It’s been reported that President Trump is attending this year. What do you hope he and his Administration take away from Davos?
Our theme is “A Spirit of Dialogue,” and we know that President Trump [and his] secretaries are very much into dealmaking, and to make deals, you have to have a dialogue. Hopefully there will be opportunities for agreements in the years to come that strengthen growth, prosperity, and peace. The Gaza agreement that was put in place by the U.S. is something positive, and we would like to see more of that kind of U.S. leadership going forward.
What’s your assessment of the role that Saudi Arabia and its leadership is playing on the global stage today?
The blueprint that they developed [Vision 2030] is a plan to improve the competitiveness of the kingdom’s economy, and they’ve made progress along many of these objectives. The role of women is very much changed. The service economy is growing, tourism is growing. What’s interesting is that the kingdom has pivoted from a focus on the geopolitics in the region to much more on how to improve the lives of the young population in Saudi Arabia, how to empower people, how to invest in the future, so they will be a prosperous country when the traditional revenues, sooner or later, go down.
Now under a new leadership structure, what needs to change about the World Economic Forum?
Don’t repair what is not broken. The World Economic Forum has been a trusted impartial platform for dialogue for more than 50 years.
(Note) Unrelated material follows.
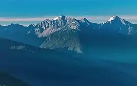 ![]() North aspect of Crystal Peak centered, as viewed from Hurricane Ridge. (Chimney Peak to right) | |

But the world has changed, from [one] based on strong multi-lateralism and globalization to [one] where we see countries focusing on their national interests. The World Economic Forum also has to be very realistic about what we can achieve. We are not an intergovernmental organization. Our platform brings all the key players in the world on it, being China, U.S., Europe, businesses, governments. Even under more challenging circumstances when it comes to pursuing dialogue, we can still create and enable discussions that can lead hopefully to constructive cooperation in the future, also addressing some of the key solutions that we that we need. That’s what we’re aiming for.